Indigenous Peoples’ Action Coalition of Taiwan Secretary-General Omi Wilang that many members of Aboriginal groups were recruited during World War II to join the Takasago Volunteers (高砂義勇軍), a division of the Japanese army that fought alongside Japanese regulars in the South Pacific.
He criticized Chin for allegedly advocating for the demolition of a memorial to the volunteers in New Taipei City’s Wulai District (烏來).
Omi Wilang said illegal Chinese laborers were a major source of competition to Aborigines for low-skill agricultural work, condemning Chin for allegedly using Chinese donations to solidify her electoral base.

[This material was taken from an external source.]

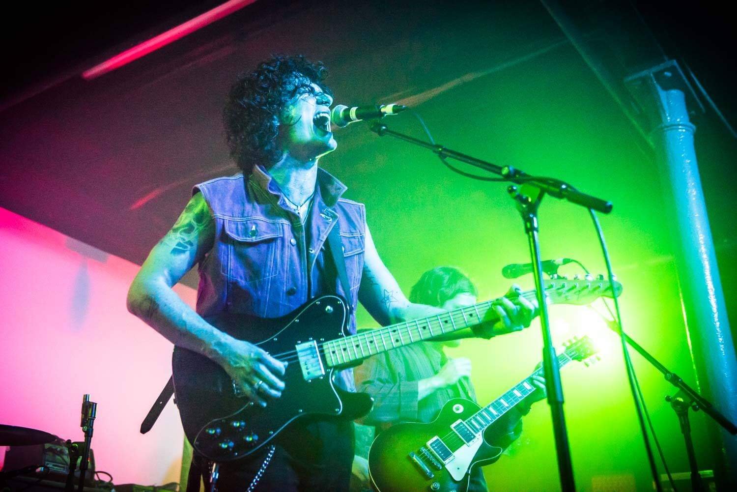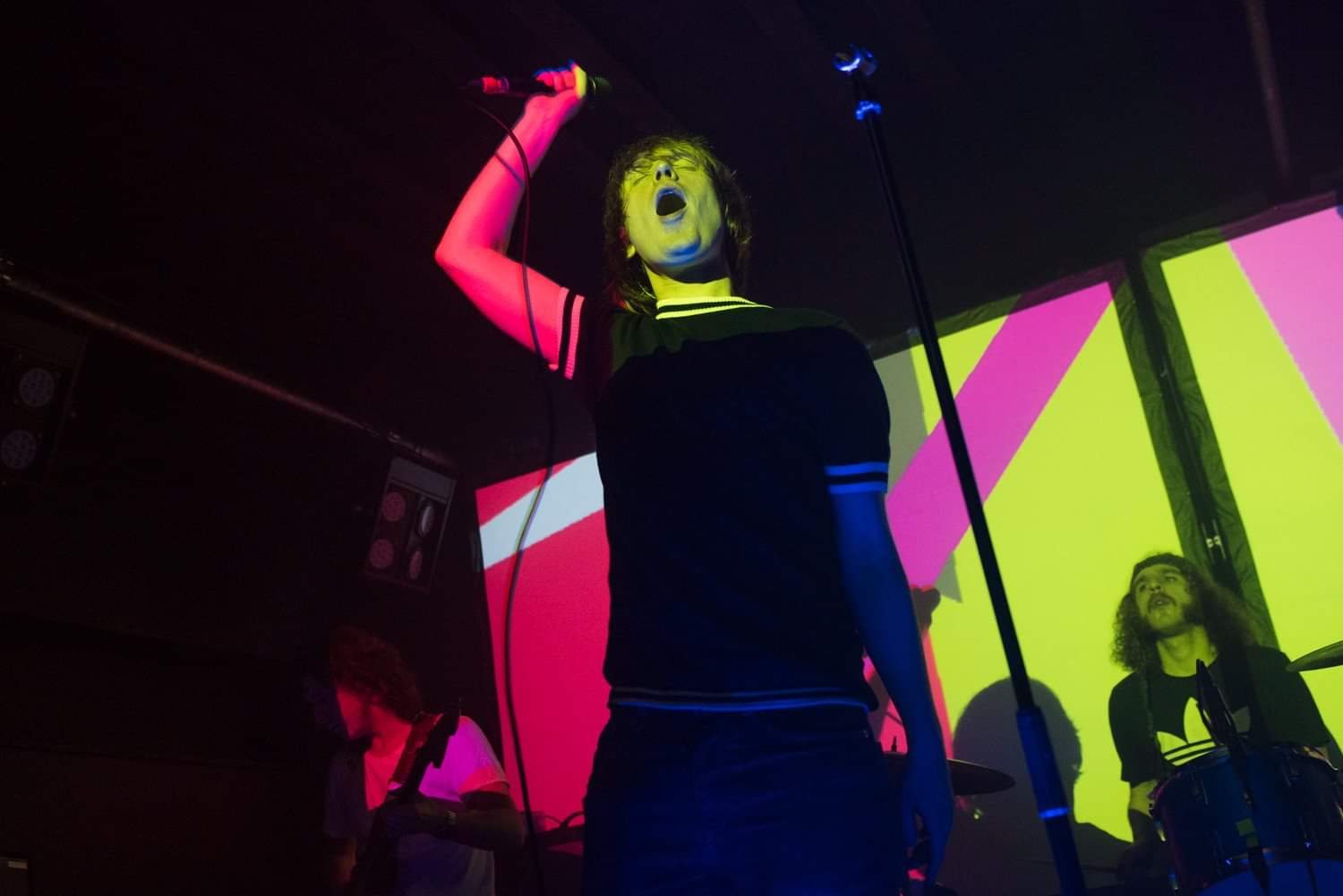 Nathaniel Cummings is an enigmatic frontman despite resembling an ever so slightly Thriller era Jacko once the make-up starts to run. Swaddling the here and now with unashamed glam rock moments Peach Fuzz own the stage. New single “Destroy the Evidence” has a lot more guts than its recorded counterpart, and apart from the odd lapse into love song territory the set remains visceral.

Omi Wilang cited a donated bus in Hsinchu County that he said was covered with Chinese Communist Party material, while also alleging that Chin distributed more than NT$100 million (US$3.05 million) in relief aid from the Chinese government following Typhoon Morakot.
“As far as I am concerned, anyone who is willing to treat us with fairness and justice is a friend,” Chin said in a statement.
“Restricting indigenous peoples’ freedom to make friends is to restrict their development, condemning us to perpetual poverty and backwardness,” Chin said.
She said her attendance of the Beijing parade reflected her willingness to participate in “any” celebration of the end of World War II, adding that she had attempted to attend the official ceremony hosted by Taiwan’s armed forces, but was told that there were no seats available.